Here are some insights.
By background, George is a legend in the specialty coffee business and one of the pioneers of gourmet coffee in the US.
He was at the forefront of growing the sales of gourmet coffee on the East Coast through his Boston-based cafe chain Coffee Connection. He sold his coffee chain to Starbucks in 1994, including the trademark for Frappucino. Thirsty Starbucks customers have been benefiting ever since from that memorable name, Frappucino.
Now George Howell is back in the game with a cafe in Newtonville MA named Taste Coffee House and a Massachusetts roasting business called Terroir Coffee. Some notable cafes around Boston serve his coffee, including Crema in Harvard Square in Cambridge. His coffees hold their own with the many award-winning coffees sold on ROASTe.
Hearing George talk about the current coffee culture is especially interesting because he seems to be setting out now to accomplish what he started with the Coffee Connection before it was bought by Starbucks.
3 big thoughts from my listening to George Howell:
1. The Third Wave of Coffee Roasters in the US is as much a taste sensation as it is a way to compete against the major national coffee chains. Artissanal roasters can best compete against Starbucks and Peets with not just single-origin coffees but even single-estate coffees. His specialty is single-estate - something he does incredibly well by traveling constantly and buying up the entire output from specific small farms. I imagine without him saying it that as an entrepreneur he recognizes that Starbucks with its tonnage of roasting has to sell blends usually dark, or at best single-origin coffees. It can't rely on single estates. So the way to compete against Ernest & Julio Gallo is to sell single chateaux-ish coffees. That is to say, single estate coffees. And to differentiate by making it light roast and medium roast. Then the origin character really comes through in a way that Starbucks can't match. The national coffee chains need to roast medium / dark in order to maintain a consistent taste profile across stores over years.
These are all my impressions, not George Howell's words. He was very complimentary about other roasters in the industry.
2. Quality processing is as important to Coffee as Wine. One of the most critical factors that George discussed with pictures he'd taken around the world is the importance of getting the coffee cherry (fruit) quickly stripped of its frut and mucilage -- as quckly as possible to avoid off-flavors. For wine, grapes on the other hand doesn't require such fast processing. The grapes can sit in the basket, or in the processing center. But the longer the coffee sits in its cherry the longer it gets tones of berry, wildness, sometimes rottiness. So fast high quality processing of coffee is essential. Overall coffee cultivation, processing, drying and storage seemed more complex than for wine.
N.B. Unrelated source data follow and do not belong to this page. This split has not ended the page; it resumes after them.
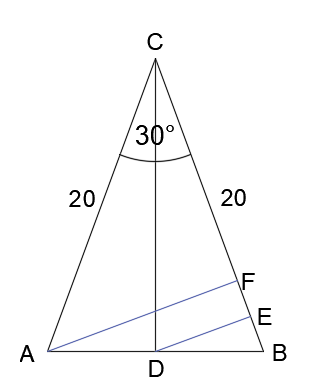 Dany jest trójkąt równoramienny o ramieniu 20 i kącie między ramionami równym 30°. Jaka jest odległość między środkiem podstawy a ramieniem trójkąta.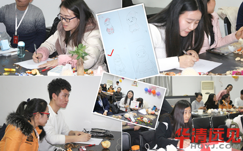 接下來就來到了畫畫環(huán)節(jié)。看著大屏幕投影的原畫,4名參賽選手也聚精會神的開始作畫了。本環(huán)節(jié)的優(yōu)勝獎會花落誰家呢?讓我們拭目以待! 終,來自3組的劉小麗老師用她的作品征服了在場所有的評委,不愧是靈魂畫手啊,我大華清真的是藏龍臥虎!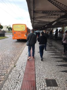 Según la primera parte de este blog, las barreras pueden ser físicas, operacionales, comunicacionales y actitudinales y son complementarias entre ellas. Los perfiles analizados nos facilitaron comprender mejor las acciones que el Banco puede impulsar para combatir estas barreras. En el caso de las barreras físicas, usaremos como ejemplo el trayecto diario de Julio quien es un joven activista del deporte paraolímpico. Julio toma tres buses y el viaje puede durar más de una hora. La pronunciada cuesta y la ausencia de aceras es evidente, para esto Julio se mueve en zigzag y por el medio de la calle, corriendo el riesgo de ser arrollado por algún vehículo, los cuales transitan por esta calle residencial a altas velocidades. Para el caso de personas que llevan sillas de rueda, la MVC identificó oportunidades de mejora en la infraestructura como: diseño y construcción de aceras paralelas y que estén a las intervenciones de la línea Inter 2; utilización de estándares de diseño universal para las aceras con énfasis en la continuidad de las rampas y utilización de superficies lisas y homogéneas; la implementación de cruces seguros, accesibles y para todo el acceso al transporte público; y mantenimiento de las infraestructuras del entorno urbano. Julio en su trayecto a la estación tubo. Foto tomada por Diana Sandoval A través de nuestra experiencia con João, quien tiene discapacidad visual, fue posible identificar otras barreras físicas presentes en el entorno. Durante el viaje, João tiene referencias establecidas que lo guían en los trayectos. Sin embargo, depende mucho de los medios tecnológicos (señales audibles) o de la ayuda de otras personas. Al igual que la experiencia de Julio, este usuario coincide en los desafíos que plantea la infraestructura, pero también la operación del sistema de buses: “Los conductores deberían parar en el mismo lugar, pues siempre paran en sitios diferentes, esto debería ser un criterio de conducción”. El área con losa podo táctil no está cubierta por lo que si llueve João no está protegido. Foto tomada por Juliana de Moraes Pinheiro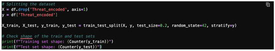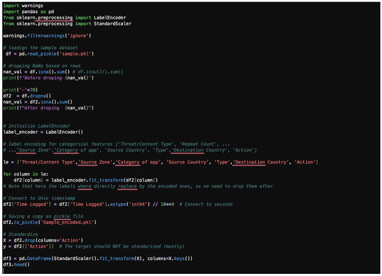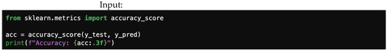 It is important to note that, in imbalanced datasets, accuracy can be misleading. A model that consistently predicts “normal” could achieve over 90% accuracy but fail to detect any threats. In Figure 6, an example of an accuracy code is given.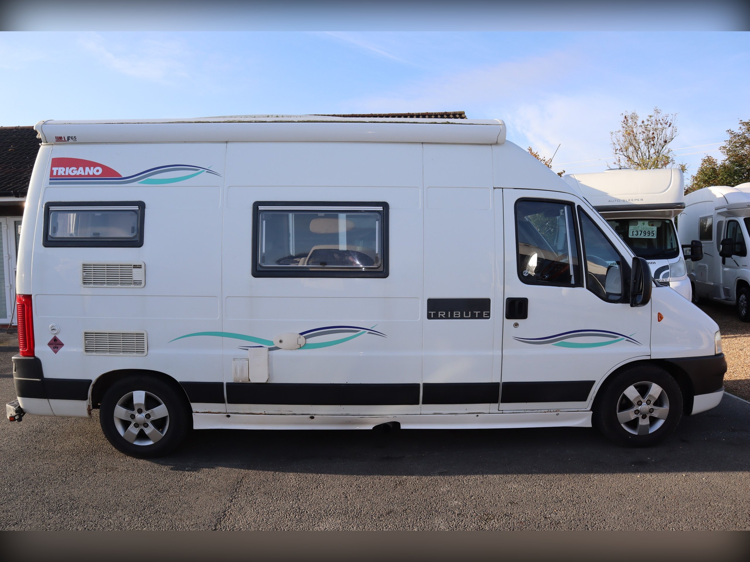 Trigano Tribute, 2 Berth, 3 Belts, Rear side Kitchen with hob, grill, microwave, sink and fridge freezer. Rear side bathroom with shower, cassette toilet and wash basin. Front lounge area with bench and forward facing belted travelling seat. Double or single bed options. Lots of service history with cambelt and water pump change in 2022. Mot to 11/08/26. Extras include Range Rover Electric front seats, Tow bar, Awning, alloy wheels and rear ladder. This has been someone's pride and joy and is reflected in the condition.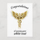 Recibir su bata blanca es un momento muy especial e importante en la vida del estudiante en su camino. ¡Esta tarjeta es totalmente personalizable con el nombre y la escuela! El símbolo médico tiene un 3el símbolo. ¡Tarjeta perfecta para enviar a alguien que ha obtenido su bata blanca!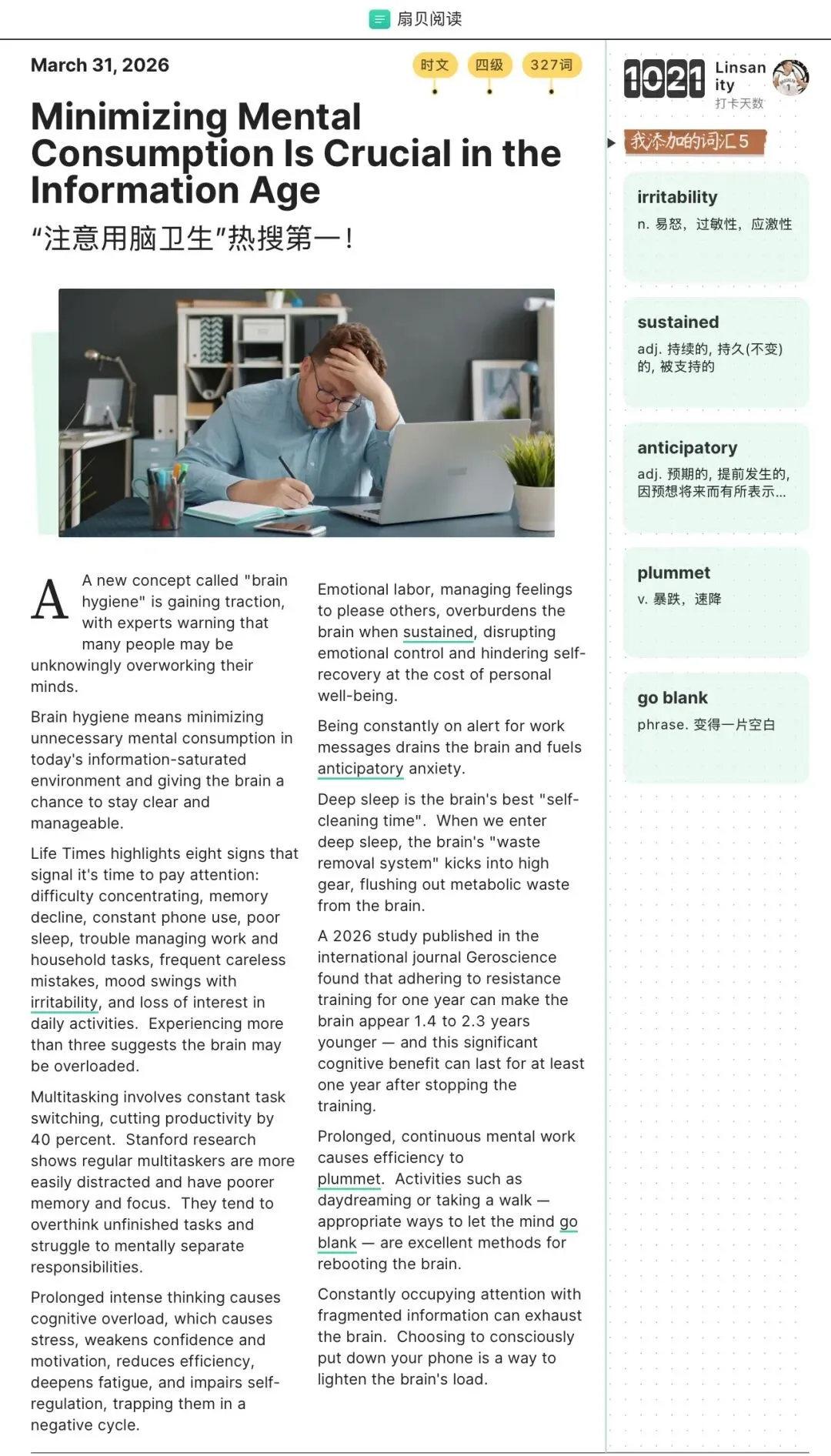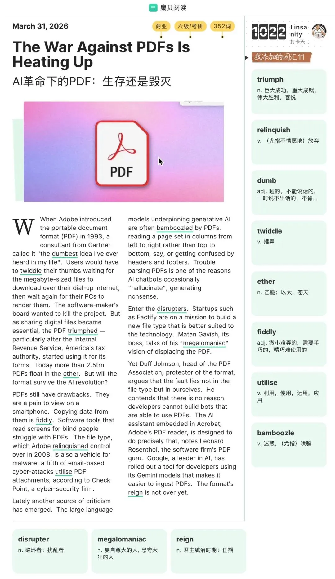 20260331 英语练习:干掉PDF? 每日单词 三月最后一天,2026年已过去四分之一。 短文朗读 (来源:扇贝阅读) PDF格式对于AI来说,确实需要付出额外代价来处理;不过它和docx、xslx一样,都还会在特定的场景下有用。所以干掉PDF格式的想法虽然很诱人,但应该很难发生。 大脑需要休息。我们需要放下手机,放空冥想,给大脑个喘息的机会。这能让你的大脑变年轻。 日拱一卒,功不唐捐;每天一点,进步可见。

3. High quality specialty coffee is still an area of tremendous experimentation, perhaps more than wine, in its infancy. Whereas many wine techniques were developed and solidified hundreds of year ago, specialty coffee has literally been developed only in the past 50+ years. This means there is tremendous opportuity to experiment and improve both yield and taste. As consumers, we'll benefit from these experiments. Some coffee trees are cut down after 10-15 years because there's a perception that they get old. But some farmers have cultivated the same coffee trees for 50+ years because they think the flavor improves. Some farmers hand sort their beans. Some farmers use machines. Some farmers sell to cooperatives. Some farmers sell on the open market themselves. It is the wine equivalent of being in the Bordeaux region during Roman times -- before everything got solidified.
George Howell of course is at the forefront of this new movement to buy single-estate coffees and roast them light. This brings out the origin character.